Der Rodrigues-Solitär (Pezophaps solitari) wurde im Rahmen der Studie ebenso untersucht. Er lebte ausschließlich auf der Mauritius vorgelagerten Insel Rodrigues und erlag demselben Schicksal wie sein Verwandter, der Dodo.
Darstellung des Dodos in seinem natürlichen Habitat auf Mauritius.
Dass das Wissen über die Tierart in erster Linie auf Berichten von Seefahrern und auf dieser Basis erstellten Darstellungen beruhte, führte in den Jahrhunderten nach dem Aussterben nicht nur zu einer Reihe von Fehlbezeichnungen und Beschreibungen von Arten wie dem Nazarener-Dodo, die nie wirklich existiert haben. Es war auch ein Grund dafür, dass die Existenz des Dodos zeitweilig sogar völlig in Zweifel gestellt wurde. „Im 18. und frühen 19. Jahrhundert galt der Dodo als mythologisches Tier“, sagt Mark Young, Hauptautor der Studie und Evolutionsbiologe an der University of Southampton. „Es war die harte Arbeit von Wissenschaftlern des viktorianischen Zeitalters, die schließlich bewiesen, dass er kein Fabelwesen war, sondern eine riesige Bodentaube.“
Zweig des Taubenstammbaums – für immer verloren
Um die ausgestorbene Art endlich korrekt zu klassifizieren, durchsuchten die Studienautor*innen wissenschaftliche Literatursammlungen in ganz Großbritannien nach Informationen über den Dodo. Dabei fanden sie hunderte Berichte, die bis in das Jahr 1598 zurückreichen. „Wir haben uns angeschaut, wo die ersten Aussagen gemacht wurden und wie sie die Beschreibungen entwickelt haben, um die Aufzeichnungen so gut wie möglich zu korrigieren“, sagt Studienautor Julian Hume, Vogelpaläontologe am britischen Natural History Museum.

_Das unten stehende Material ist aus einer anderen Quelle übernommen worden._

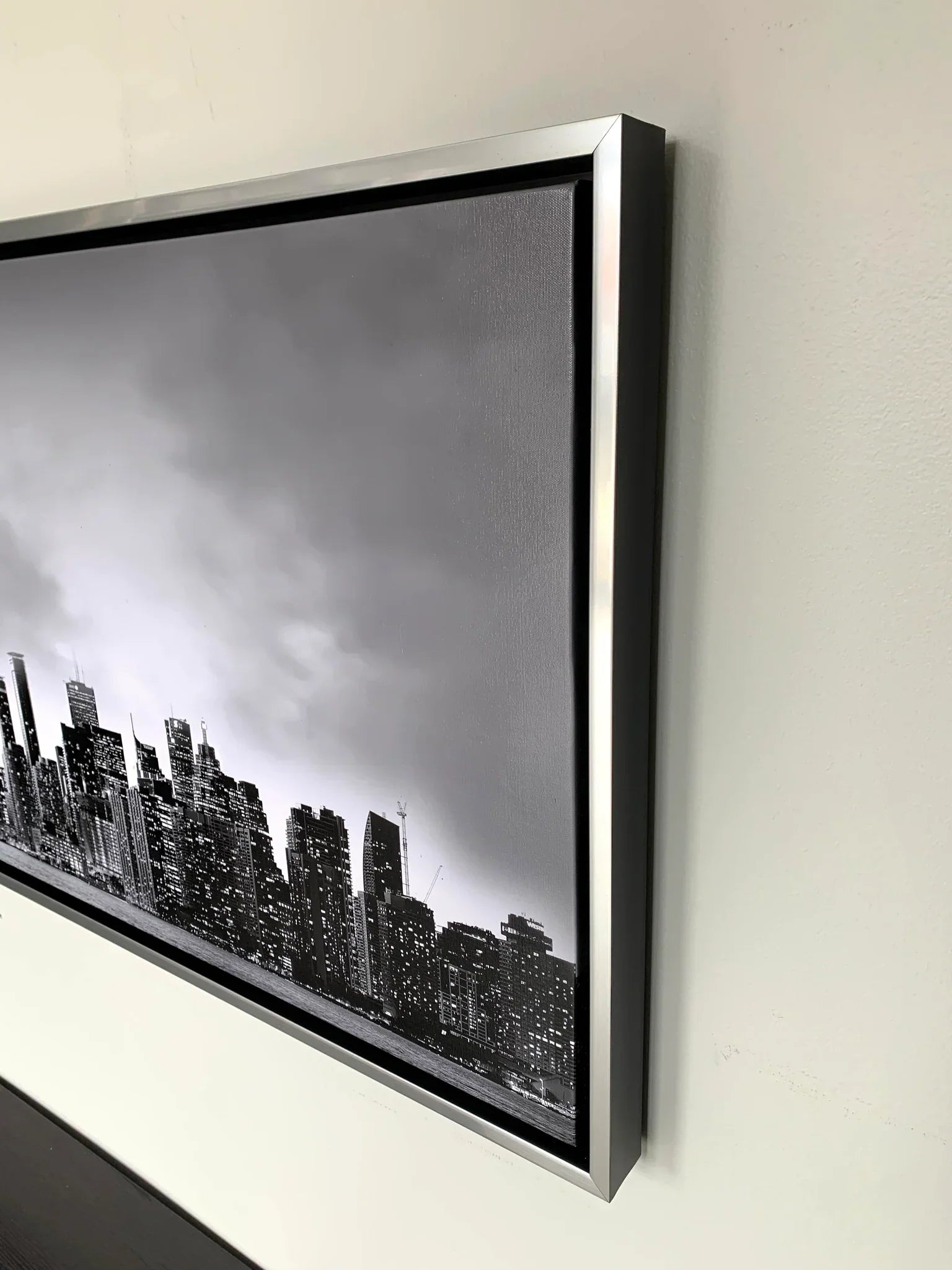 Toronto in Black and White is a high-resolution, large-format canvas print that captures the beauty of Toronto's majestic skyline, focusing on a perspective of the CN Tower, other iconic buildings and Lake Ontario, framed under a dramatic sky of contrasting light and dark. Measuring 72" x 24", this piece of art will make a statement in any room. Art prints Toronto

Außerdem untersuchten sie Überreste der Vögel, die in verschiedenen britischen Institutionen lagern – darunter das älteste erhaltene Weichteilgewebe eines Dodos, das im Oxford Museum aufbewahrt wird. Auf diese Weise konnte das Studienteam belegen, dass es sich beim Dodo, ebenso wie bei seinem ebenfalls ausgestorbenen Verwandten, dem Rodrigues-Solitär, um Vögel aus der Familie der Tauben (Columbidae) gehandelt hat.
„Das Verständnis ihrer weiteren Verwandtschaft mit anderen Tauben ist von taxonomischer Bedeutung“, so Gostling. Mit dem Dodo und dem Solitaire sei ein einzigartiger Zweig des Taubenstammbaums verloren gegangen. „Es gibt heute keine anderen Vögel wie diese beiden Arten von Riesentauben.“
Flinker Waldbewohner
Dass der Dodo ein plumper Vogel war, konnten die Forschenden in zweierlei Hinsicht widerlegen. Zum einen geht dies aus historischen Berichten hervor, denen zufolge er ein ausgesprochen flinker Waldbewohner war. Zum anderen werden diese Berichte durch die Analyse der Knochenfunde unterstützt, die im Rahmen der Studie durchgeführt wurde. Sie legt nahe, „dass die Sehne des Dodos, die seine Zehen schloss, außergewöhnlich kräftig war – ähnlich wie bei heute lebenden Kletter- und Laufvögeln“, sagt Gostling. „Der Dodo war mit ziemlicher Sicherheit ein sehr aktives, sehr schnelles Tier.“
Doch auch, wenn der Dodo nicht das geborene Opfer war, für das man ihn so lange gehalten hat: Ausgestorben ist er trotzdem. Und daran war der Mensch schuld. „Diese Tiere waren perfekt an ihre Umwelt angepasst, aber auf den Inseln, auf denen sie lebten, gab es keine Raubsäugetiere“, so Gostling. „Als dann die Menschen kamen und Ratten, Katzen und Schweine mitbrachten, hatten der Dodo und der Solitaire keine Chance.“ Denn die eingeschleppten Arten zertrampelten Nester, fraßen Eier und auch ausgewachsene Vögel – dagegen konnte der Dodo sich nicht zur Wehr setzen.
Die jetzt veröffentlichten Erkenntnisse sind erst der Anfang. Das Projekt zur Erforschung des Dodos wird mit dem Ziel, die wahre Natur des legendären Vogels vollständig darzulegen – wie er wirklich aussah, lebte und sich bewegte – noch einige Jahre weiterlaufen. „Aber wir blicken nicht nur in die Vergangenheit“, so Gostling. Seine Hoffnung ist es, dass die Forschungsarbeit seines Teams auch dazu beitragen wird, die bedrohten Vögel von heute zu retten.